Mendol napisał(a):
Daedrael - jak dzialaja zakazy wejscia na stadion bylo wlasnie widac w bydgoszczy.
co to jest 5k grzywny i 120h prac spolecznych? smiech na sali.
jakby dostal 50k grzywny to wtedy mialoby to rece i nogi.
Zakazy stadionowe są przestrzegane tylko, że u nas nie nakłada się permbana na wszystko co możliwe. Masz podział na zakazy wejścia na konkretny stadion, bądź mecze drużyny,
a poza tym można nałożyć na jedne rozgrywki - puchar polski czy mecze ekstraklasy to dwie odmienne sprawy.
Kwestia tego, jak był sformułowany wniosek z zakazem - może się okazać, iż kibol ma zakaz na mecze ligowe i przy euro na te same stadiony może na luzaku sobie przyjść.
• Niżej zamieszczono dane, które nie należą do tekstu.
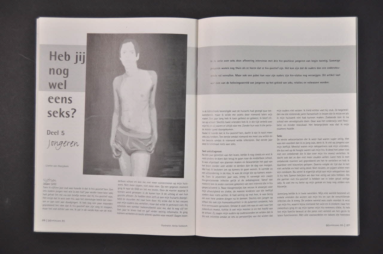 Revue de l'association HIV VERENIGING tirée à 2500 exemplaires. Traduire les titres. - p.4-5 Bezuinigingen op de zorg Cf illustration de la couverture et annonce en couverture. -p.6-7 Verenigingsnieuws. Nouvelles de l'association. - p.8-10 Het nieuwe stelsel van arbeidsongeschiktheidsregelingen. Sober of somber ? - p.11 Marihuana bij apotheek - p.12-15 Interview. Van sommigen herken ik iets - p.16-17 Hiv Vereniging start tevredenheidsmeting hiv-behandling - p.18-20 Condooms en zo - p.21, 30 Brèves ( dans le monde) - p.22 Critique de livre : "Je leeft nu" - p.23 De spiegel - p.24-25 Eindelijk behandeling in Zuid-Afrika - p.26-29 Heb jij nog wel eens seks ? Deel 5 Jongeren - p.29 Geneesmiddelen overeenkomst amper verbetering. - p.30 BD Beleen ww Toekkomst - p.31 Lettre de lecteur : Gespetter - p.32-34 Eenmaal daagse combinaties - p.35 Levensverzekkeringen voor hiv-positieven. Onderzoekk naar levensverwachting - p.36-38 Party Smarty. Interacties tussen recreatieve drugs en hiv-remmers. - p.39, 43 Brèves sur les traitements - p.40-42 Je geld of je kkop ! Maskkeren van lipoatrofie - p.44 In Memoriam Martin Schipper - p.9-11 Juridische Kroniek 2. - p.44 Nouvelles de l'association. - p.45-47 Activités de l'association et d'autres associations, agenda.
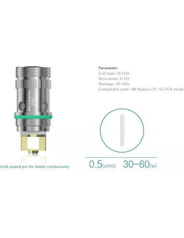 Cette résistance EC-N est spécialement conçue pour s'adapter aux clearomiseurs Melo d'Eleaf, notamment les versions Melo 4, Melo 5 et autres modèles compatibles de la série. Elle s'installe facilement grâce à son système de montage simplifié, permettant un remplacement rapide sans outil.
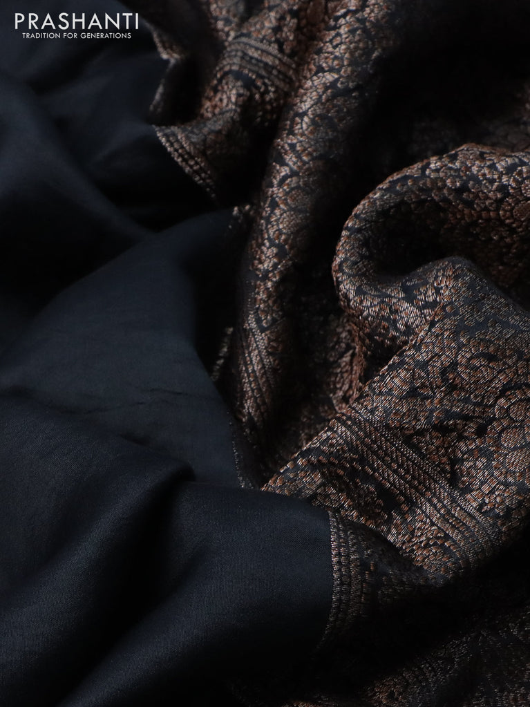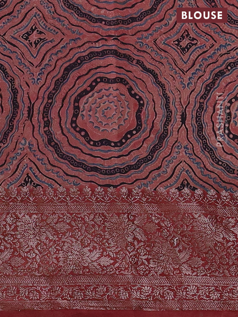 Chiniya silk saree brown with allover woven buttas & kalamkari digital prints and banarasi style border
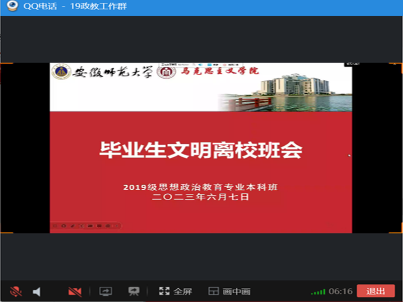 为做好2023届毕业生教育、管理和服务工作,确保毕业生离校工作的顺利开展,6月7日上午,永利集团304am2019级思想政治教育专业本科班线上召开了毕业生文明离校班会,班会由辅导员周楠主持。
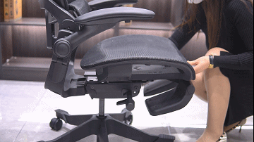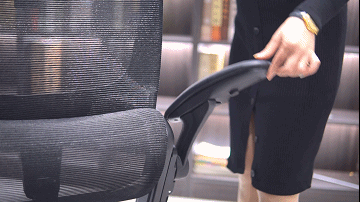 坐姿椅子上时双手自然搭载4D太空臂式扶手上,扶手亲肤柔软还带有弹性,十分舒适,而且能升降,前后和各角度灵活调节。水平面27°调节范围,上下6cm调节范围,翻转90°调节,不想用就可以90度抬起。
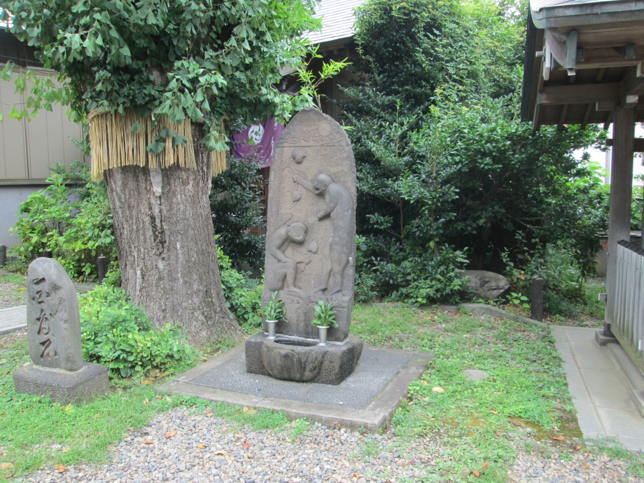 創建は809~823年、ご祭神は応神天皇、神功皇后、仲哀天皇です。石段の途中に区登録有形文化財の鳥居、境内には田村虎蔵顕彰碑、庚申塔、百度石、境内社宮比神社、神楽殿、神輿蔵、拝殿、その奥に本殿、ご神木イチョウの木があります。庚申塔についてですが、よく見かける庚申塔は三猿の上に青面金剛が乗っている像が刻まれているか、猿田彦大神像や単に庚申塔という文字のみの庚申塔ですが、この神社の庚申塔は桃の枝を持った一対の猿が刻まれた庚申塔です。大変珍しいと思いますので、訪れた際には是非ご覧ください

Zależy z jakiej strony patrzeć na te 5k. Nie masz taryfikatora kar, tak jak w kodeksie drogowym, więc z jednej strony 5k za rzucenie srajtaśmą/obraźliwy transparent to dużo.
Ale z drugiej za rozkurwienie stadionu i godzinną burdę masz taką samą karę.
White Trox napisał(a):
Nie wiem jak w innych miastach, ale np. w Poznaniu jak działają zakazy stadionowe to chyba każdy miejscowy wie. Stadionem zarządzają kibice zaczynając od kiełbasek po ochronę (to pewnie też jakiś podmiot utworzony przez wiarę Lecha nawiasem mówiąc jacyś licealiści i laski tipsowane w kamizelkach).
Poznań to jest wyjątek. Jak nowe władze przejmowały klub to miały na starcie tylko dwa wyjścia: opłacać 'spokój' na stadionach albo iść na świętą wojnę. Że wybrali pierwszą opcję to już tylko ich wina. W Warszawie to tak nie wygląda.